Build streaming jobs that handle late data
Implement a Structured Streaming pipeline with watermarks and stateful operations using sample data with intentionally delayed events. Practice explaining how state grows and gets cleaned up as watermarks advance.
Practice Spark UI forensics on real jobs
Find slow Spark jobs in your current work or create synthetic ones with known problems like data skew or memory pressure. Learn to navigate between the Jobs, Stages, and Executors tabs to build a coherent story about what went wrong.
How Ready Are You for Spark & Big Data Interviews?
1 / 6A Spark job reads Parquet, filters, joins, and writes results. You see many tasks, and some stages are much slower than others. In an interview, how do you explain what creates stages and why some tasks run longer within a stage?
Frequently Asked Questions
How deep do I need to go on Spark and Big Data topics for a Data Engineer interview?

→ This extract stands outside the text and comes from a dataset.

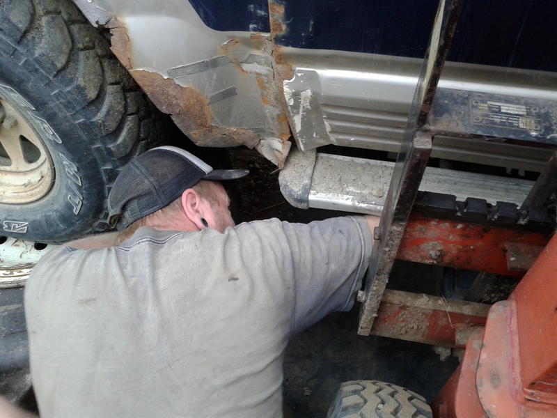 ......dann wurde fleißig geschraubt (was wirklich viel Freude machte da der Spender kaum Sand am Unterboden hatte ) und der Hubwagen samt Palette wurde untergefahren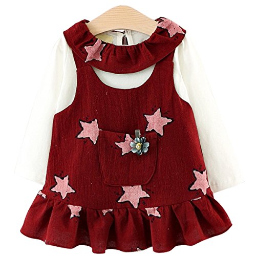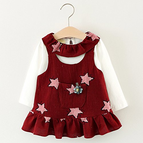 YY-Natuhi ベビー服 子供服 女の子 ワンピース ブラウン 二点セット サロペット キッズ スカート 新生児 ボディースーツ ベビー 長袖 赤ちゃん 入学式 出産祝い 七五三 綿 星柄 秋冬 (80cm, 2ワインレッド)

You should be comfortable explaining Spark execution basics like partitions, shuffles, stages, joins, and caching, plus how they impact cost and runtime. Expect to discuss file formats like Parquet, partitioning strategies, and how you would troubleshoot skew and out of memory issues. You do not need to memorize every API, but you should be able to reason about performance, correctness, and data reliability.
Which companies tend to ask the most Spark and Big Data interview questions for Data Engineers?
Cloud and data platform heavy companies ask them most often, including big tech, streaming and marketplace companies, and fintechs with large batch and streaming pipelines. You will also see a lot of Spark questions at organizations that run large lakehouse stacks on AWS, GCP, or Azure, especially when Databricks or managed Spark is central. If the job description mentions petabyte scale, ETL frameworks, or lakehouse migration, expect deep Spark questions.
Will I need to code in Spark, SQL, or Scala/PySpark during a Spark and Big Data interview?
Many Data Engineer interviews include a live coding portion in SQL and sometimes PySpark or Scala, often focused on transforms, joins, windowing, and data quality checks. You may also get a debugging style task like fixing a slow Spark job or rewriting a plan to reduce shuffles. For practice, use datainterview.com/coding and focus on SQL plus Spark style transformations.
How do Spark and Big Data interviews differ across Data Engineer, Analytics Engineer, and ML Engineer roles?
As a Data Engineer, you will be judged on pipeline design, Spark performance tuning, reliability, and batch versus streaming tradeoffs. Analytics Engineer interviews usually emphasize SQL modeling, warehouse and lakehouse semantics, and less low level Spark tuning unless the role runs dbt on Spark. ML Engineer interviews typically focus on feature pipelines and distributed training inputs, you should still know Spark data prep patterns but the depth on cluster internals is often lighter.
How can I prepare for Spark and Big Data interviews if I do not have real production experience?
You can build small but realistic projects that demonstrate partitioning, incremental loads, and handling late arriving data, then be ready to explain your design choices. Practice reading Spark UIs from sample jobs, compare query plans, and learn what triggers shuffles and wide dependencies. Use datainterview.com/questions to drill Spark concepts and scenarios, and practice writing Spark style transformations on datainterview.com/coding.
What are the most common mistakes candidates make in Spark and Big Data interviews?
You often lose points by giving high level answers without explaining shuffles, partitioning, and why a join becomes expensive at scale. Another common mistake is treating Spark like a single machine program, for example using collect, overly wide groupBy, or ignoring skew and small files. You should also avoid hand waving around streaming semantics, be clear about exactly once versus at least once, watermarking, and idempotent writes.